▸ Task requirements: The task calls for the lines below from the line with "En estos espacios, Olivas" to the line with "Comandă online Liza, dragostea", both ends included, copied exactly, without any pictures.

▸ Dataset records:
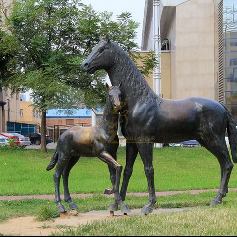 Outdoor decoration metal bronze mother and baby horse sculpture
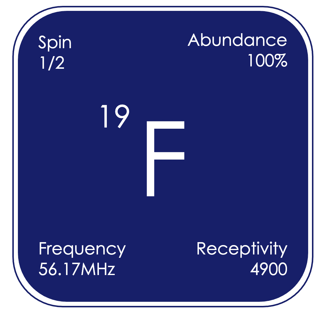2番目に高い相対感度をもつ原子核として、¹⁹FはNMR分光法でよく研究されており、δF +100~-250 ppm(基準:CCl₃F)と、¹Hに比べてかなり広い範囲に観測されます。¹⁹Fは¹Hと同様にスピン量子数が1/2の核であり、フッ素(¹⁹F)-フッ素(¹⁹F)、フッ素(¹⁹F)-プロトン(¹H)のカップリングがよく観測されます。フッ素化合物は、医薬品、バルク化学品、およびバッテリーといった電気化学デバイスなど、非常に幅広い用途で使用されています。
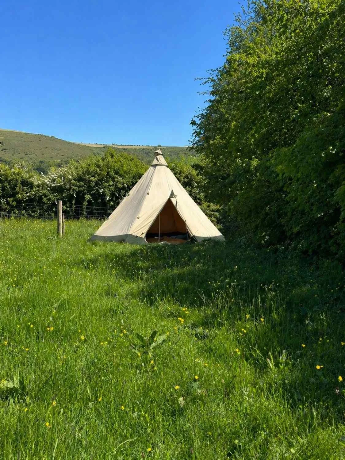 For larger groups, you're welcome to bring your own bedding and beds to add on the floor, up to a maximum of four people in the tipi. Between the hut and the tipi the whole site is yours — everyone gets their own space, and you can all come together around the fire pit when it matters most.
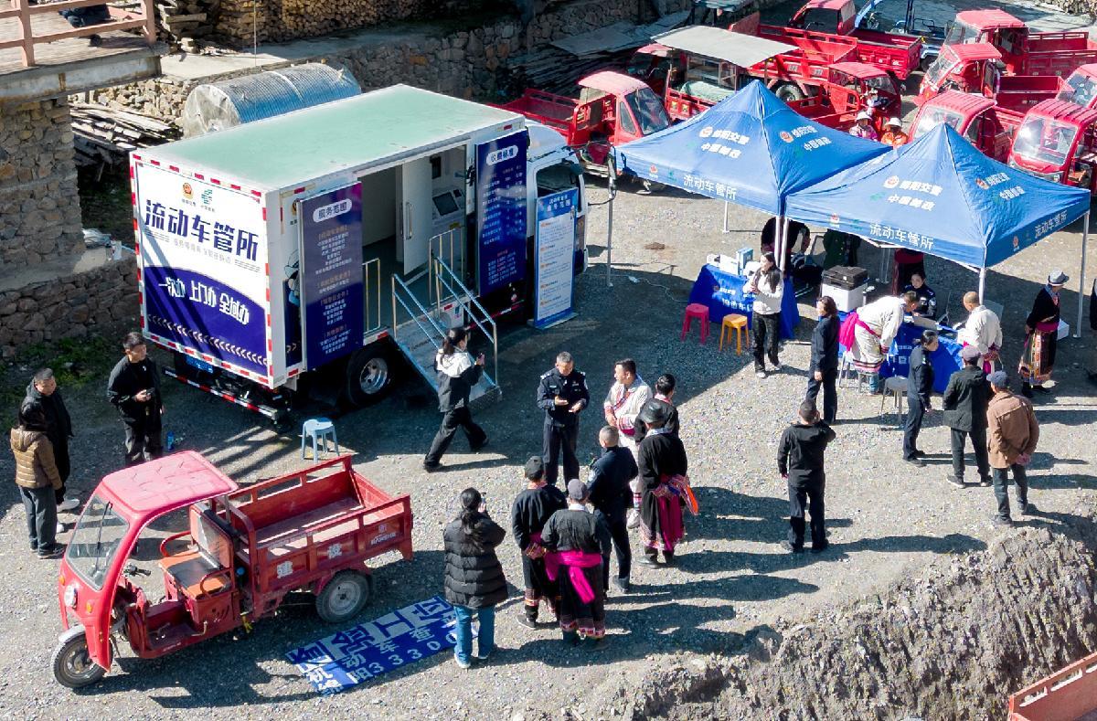 10月30日,四川省綿陽市公安局交通警察支隊將“流動車管所”開進平武縣白馬藏族鄉(xiāng)扒昔加古寨,為周邊群眾帶來家門口的車駕管服務(wù)。
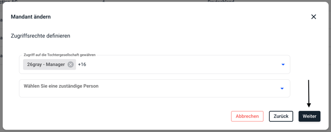 Ebenso können Sie die zuständige Person verändern. Sobald Sie Ihre Auswahl getroffen haben, können Sie dies auf Weiter bestätigen.
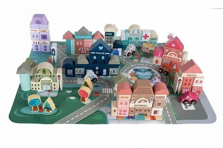 Деревянные городские кубики долговечны — поэтому нет опасений, как в случае с пластиковыми игрушками, что поврежденный элемент случайно поранит ребенка. Набор городских кварталов – это не только отличное развлечение, но и приобретение знаний об окружающем нас мире, принципах функционирования города и т. д.
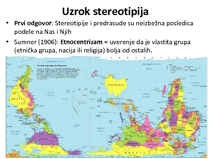 Uzrok stereotipija • Prvi odgovor: Stereotipije i predrasude su neizbežna posledica podele na Nas i Njih • Sumner (1906): Etnocentrizam = uverenje da je vlastita grupa (etnička grupa, nacija ili religija) bolja od ostalih.
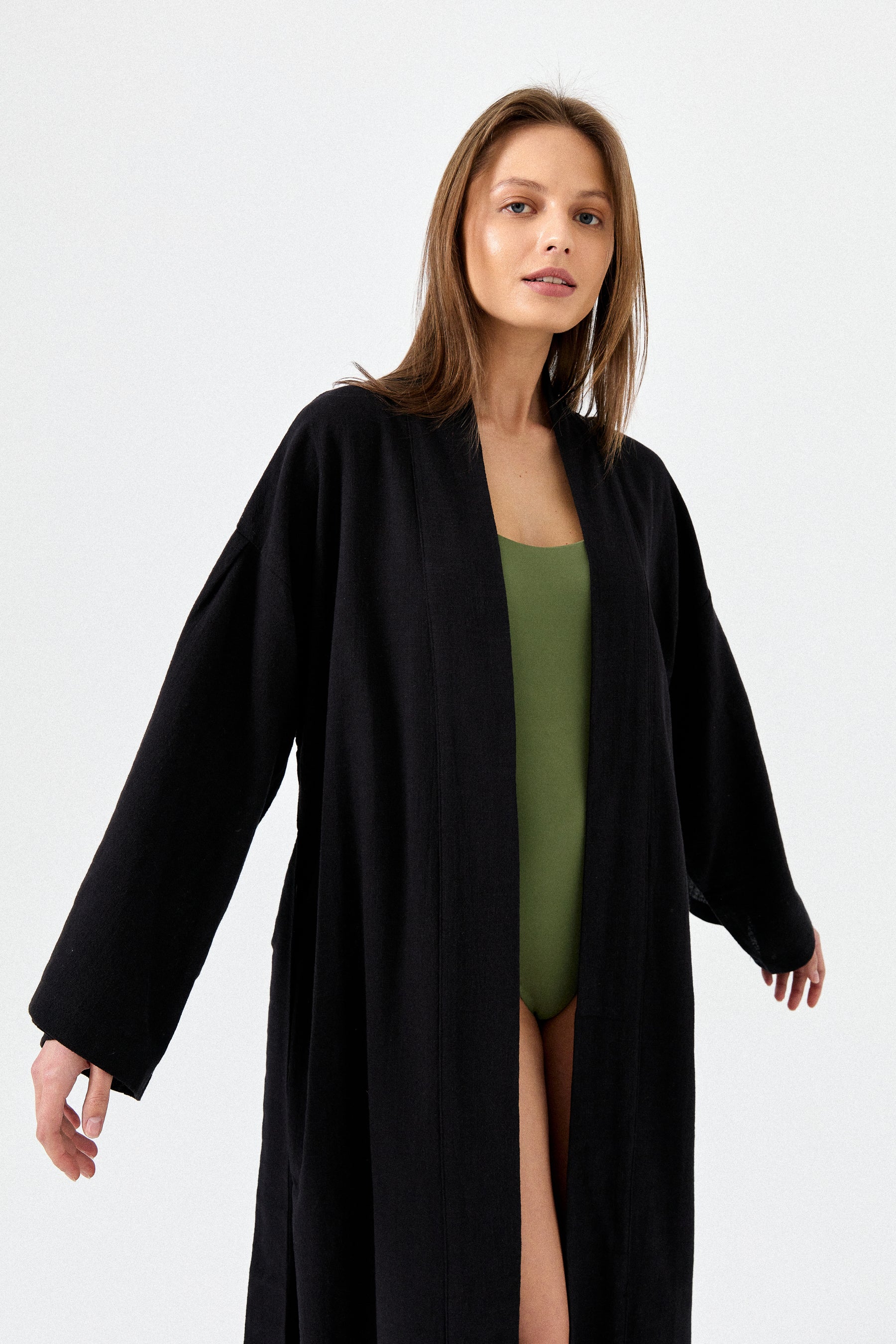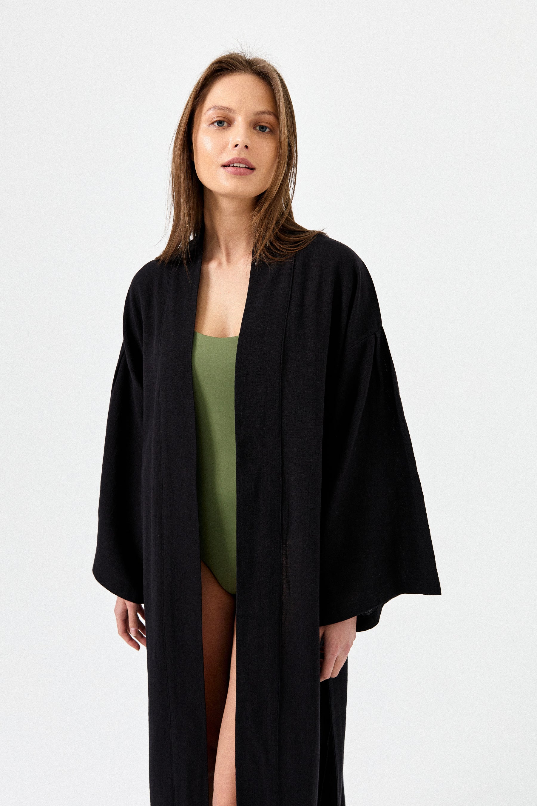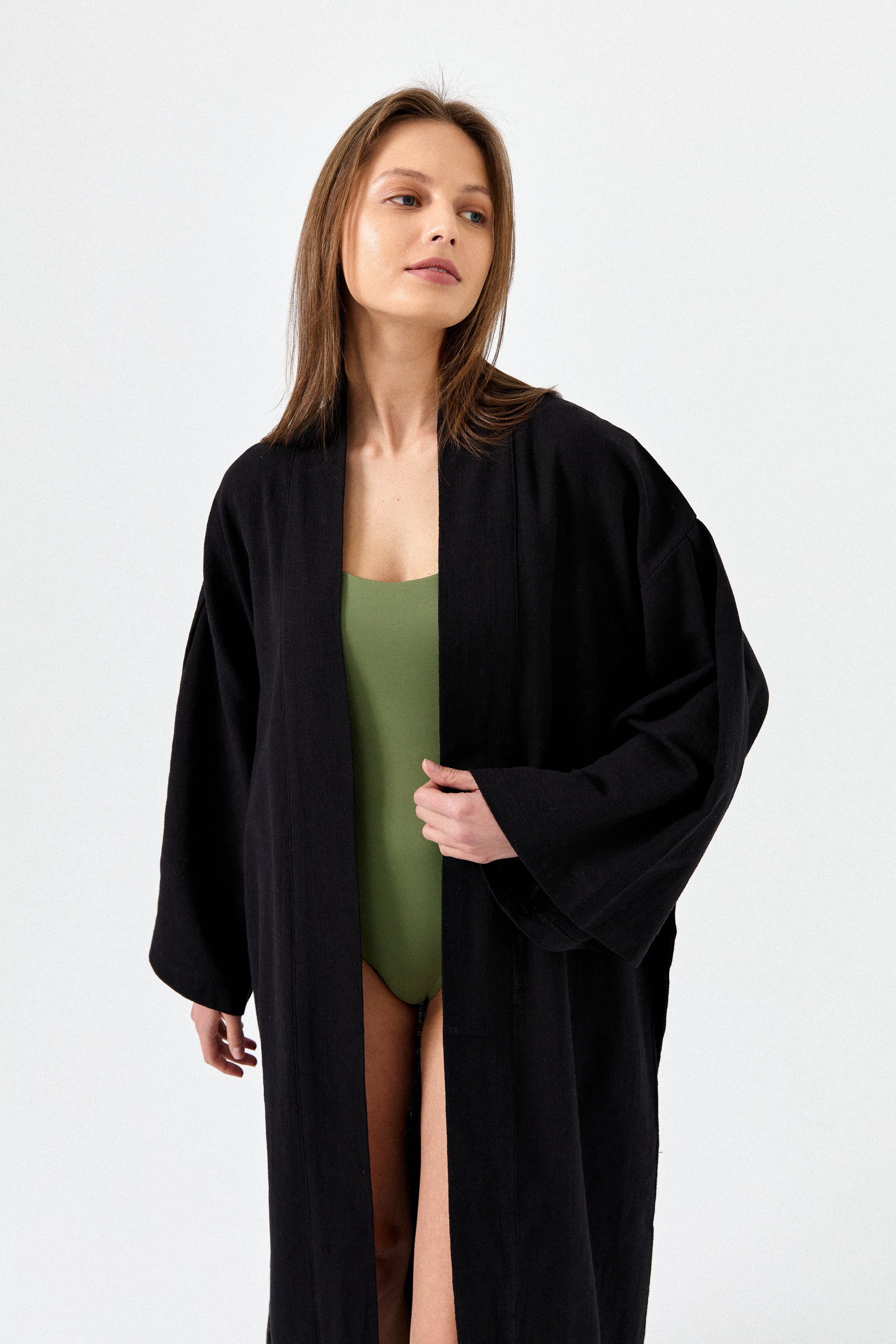 The long kimono is made soft cotton for a comfortable all-day wear. The oversized silhouette adds effortless style to any outfit, whether you're throwing it over a swimsuit, a dress or wearing it with jeans.
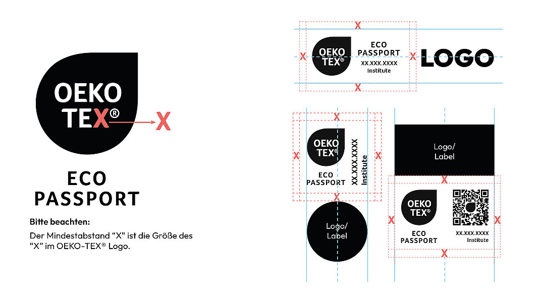 Der Mindestabstand “X” ist die Größe des «X» im OEKO-TEX® Logo.
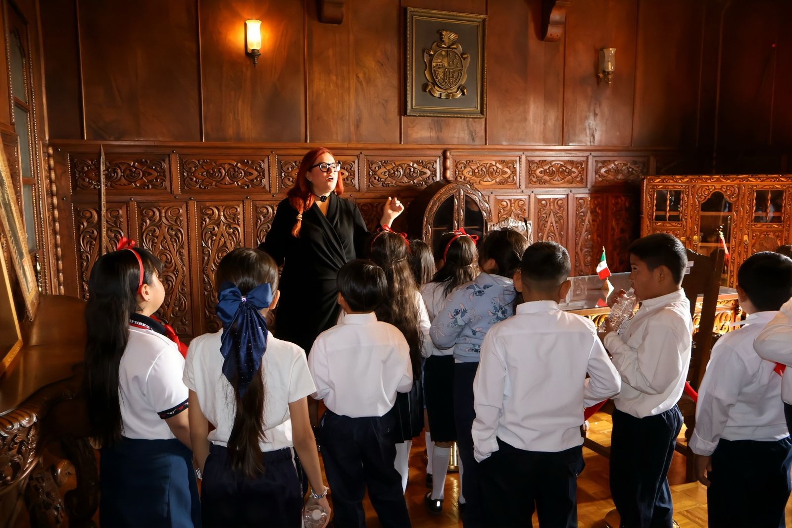 En estos espacios, Olivas compartió con el grupo algunos pasajes relacionados con la historia del lugar y el origen de los muebles que forman parte del recinto, al tiempo que respondió a las preguntas de los estudiantes, quienes mostraron interés por los detalles del edificio y las funciones que ahí se realizaban.
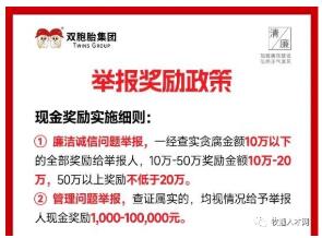 牧原、正邦、京基智農(nóng)等企業(yè)陸續(xù)對(duì)外公布過廉潔告知書,而雙胞胎的舉報(bào)獎(jiǎng)勵(lì)更是驚人。
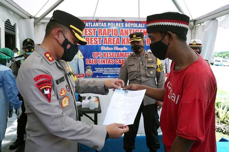 Pengamanan diawali dengan melaksanakan pemeriksaan tes swab antigen terhadap pengunjung yang memasuki wilayah Kabupaten Boyolali, terutama pengunjung yang berasal dari luar Kabupaten Boyolali.
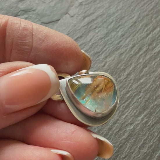 Featuring a unique pear rutile quartz with aurora opal, set in fine and sterling silver and an 18k gold accent. Imagine capturing a sunbeam frozen in time, streaked with threads of gold, and paired with the ethereal dance of the Northern Lights. This extraordinary stone does just that.
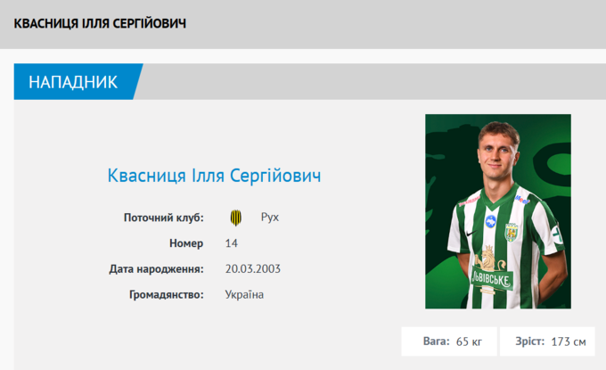 Львовский «Рух» заявил украинского вингера «Карпат» Илью Квасницу.
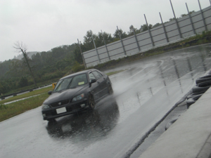 ウェットだと簡単にリアが流れるのでやりやすい。
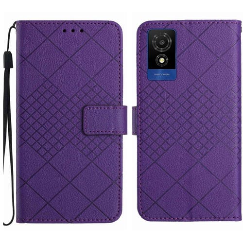 Funda de Teléfono TCL 502 Cuero Textura Rejilla Rómbica (Púrpura)
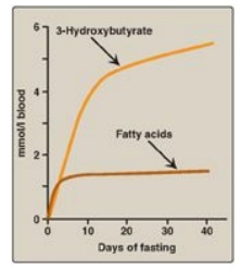 Figure 24.13 Concentrations of fatty acids and 3-hydroxybutyrate in the blood during fasting. [Note: 3-Hydroxybutyrate is made from the reduction of acetoacetate.]
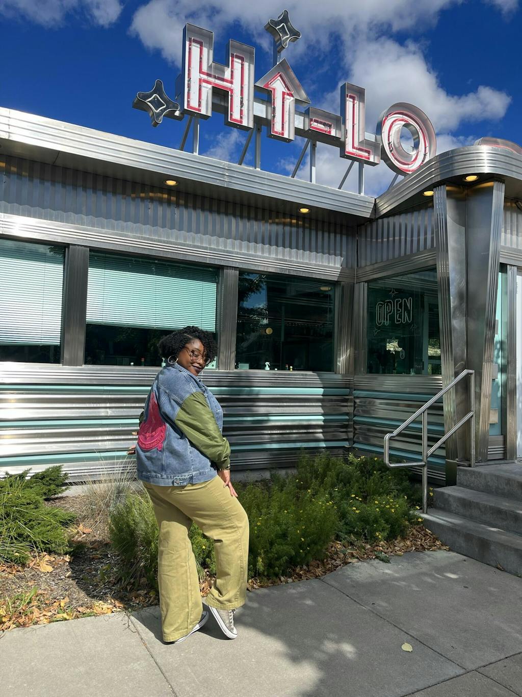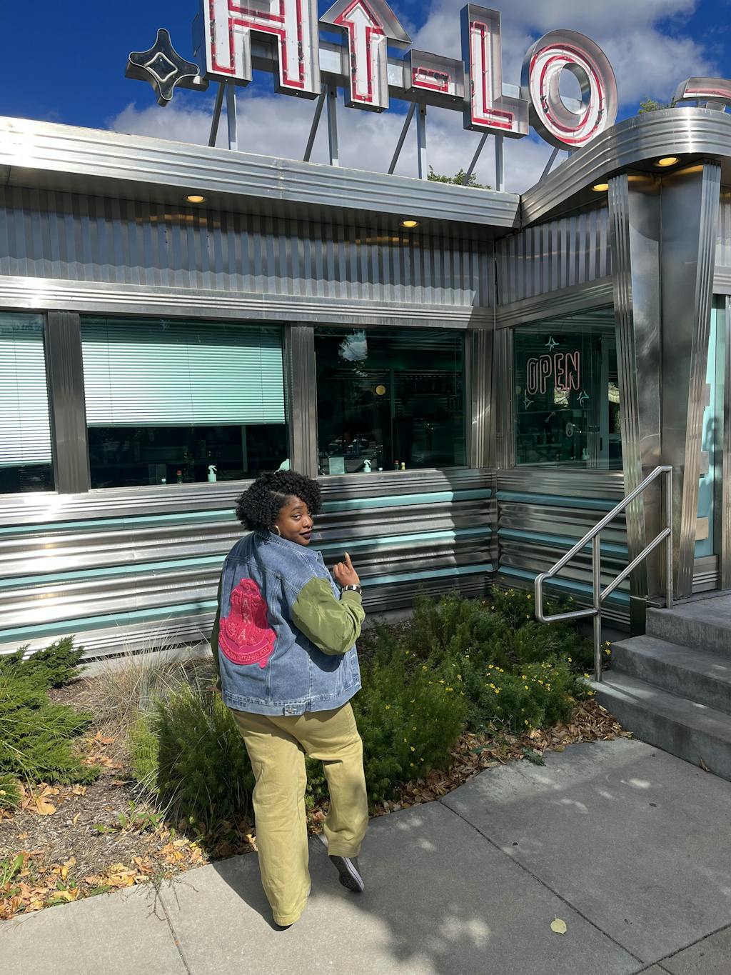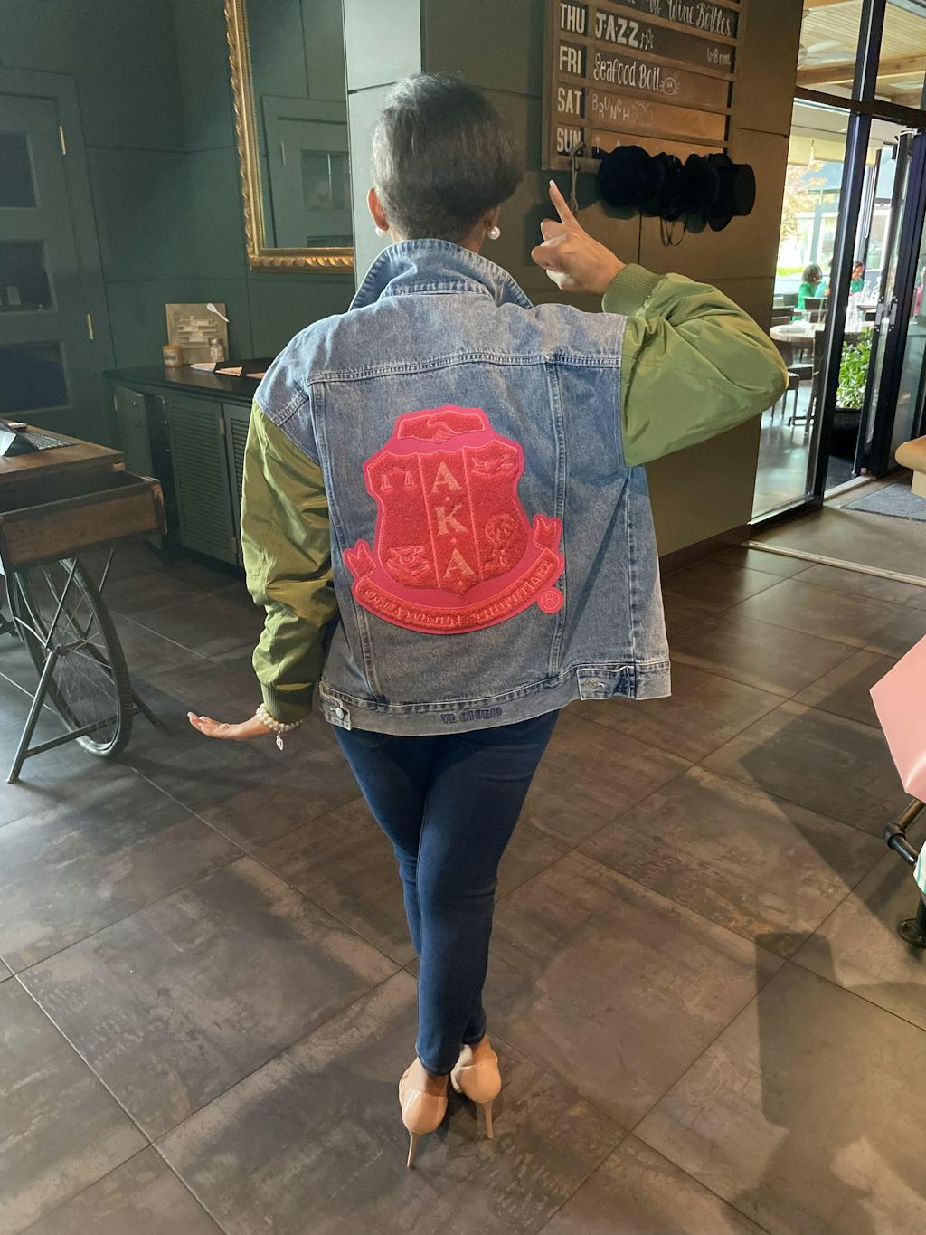 THE STATEMENT DENIM BOMBER - GREEN SLEEVE
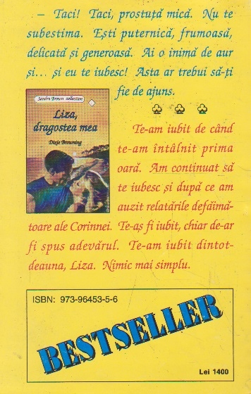 Comandă online Liza, dragostea mea la 6,20 lei scrisă de Dixie Browning, tiparită la editura Carmel face parte din colecția Sandra Brown collection în anul 1994. cu plata ramburs sau online cu cardul. Momentan titlul Liza, dragostea mea nu este disponibil însa vă puteți înscrie pentru a fi notificat în momenul reaprovizionarii.
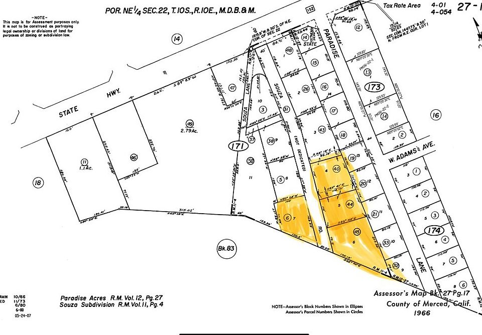 4 parcels totaling 1.2 acres of R3 zoned property. City wants high density housing as many as 41 units per Stacy at The Planning Department at The City of Los Banos. Some engineering done, soils report, and survey. Property on Pachaco Blvd, just east of Paradise Drive, look for sign.
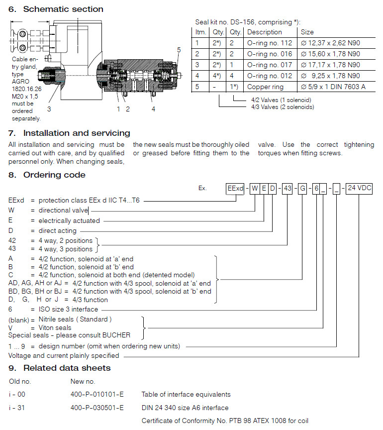 EExd-WED-42-A,EExd-WED-42-B,EExd-WED-43-A,EExd-WED-43-B,EExd-WED-42-C,Bucher方向閥
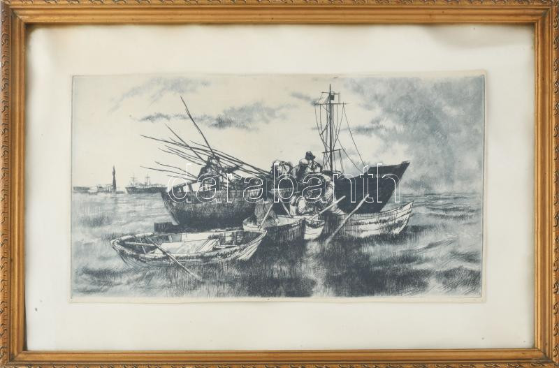 Olvashatatlan jelzéssel: Halászok. Rézkarc, papír, körbevágva, üvegezett fakeretben. 22,5x38,5 cm

▸ Output below:
 En estos espacios, Olivas compartió con el grupo algunos pasajes relacionados con la historia del lugar y el origen de los muebles que forman parte del recinto, al tiempo que respondió a las preguntas de los estudiantes, quienes mostraron interés por los detalles del edificio y las funciones que ahí se realizaban.
 牧原、正邦、京基智農(nóng)等企業(yè)陸續(xù)對(duì)外公布過廉潔告知書,而雙胞胎的舉報(bào)獎(jiǎng)勵(lì)更是驚人。
 Pengamanan diawali dengan melaksanakan pemeriksaan tes swab antigen terhadap pengunjung yang memasuki wilayah Kabupaten Boyolali, terutama pengunjung yang berasal dari luar Kabupaten Boyolali.
 Featuring a unique pear rutile quartz with aurora opal, set in fine and sterling silver and an 18k gold accent. Imagine capturing a sunbeam frozen in time, streaked with threads of gold, and paired with the ethereal dance of the Northern Lights. This extraordinary stone does just that.
 Львовский «Рух» заявил украинского вингера «Карпат» Илью Квасницу.
 ウェットだと簡単にリアが流れるのでやりやすい。
 Funda de Teléfono TCL 502 Cuero Textura Rejilla Rómbica (Púrpura)
 Figure 24.13 Concentrations of fatty acids and 3-hydroxybutyrate in the blood during fasting. [Note: 3-Hydroxybutyrate is made from the reduction of acetoacetate.]
 THE STATEMENT DENIM BOMBER - GREEN SLEEVE
 Comandă online Liza, dragostea mea la 6,20 lei scrisă de Dixie Browning, tiparită la editura Carmel face parte din colecția Sandra Brown collection în anul 1994. cu plata ramburs sau online cu cardul. Momentan titlul Liza, dragostea mea nu este disponibil însa vă puteți înscrie pentru a fi notificat în momenul reaprovizionarii.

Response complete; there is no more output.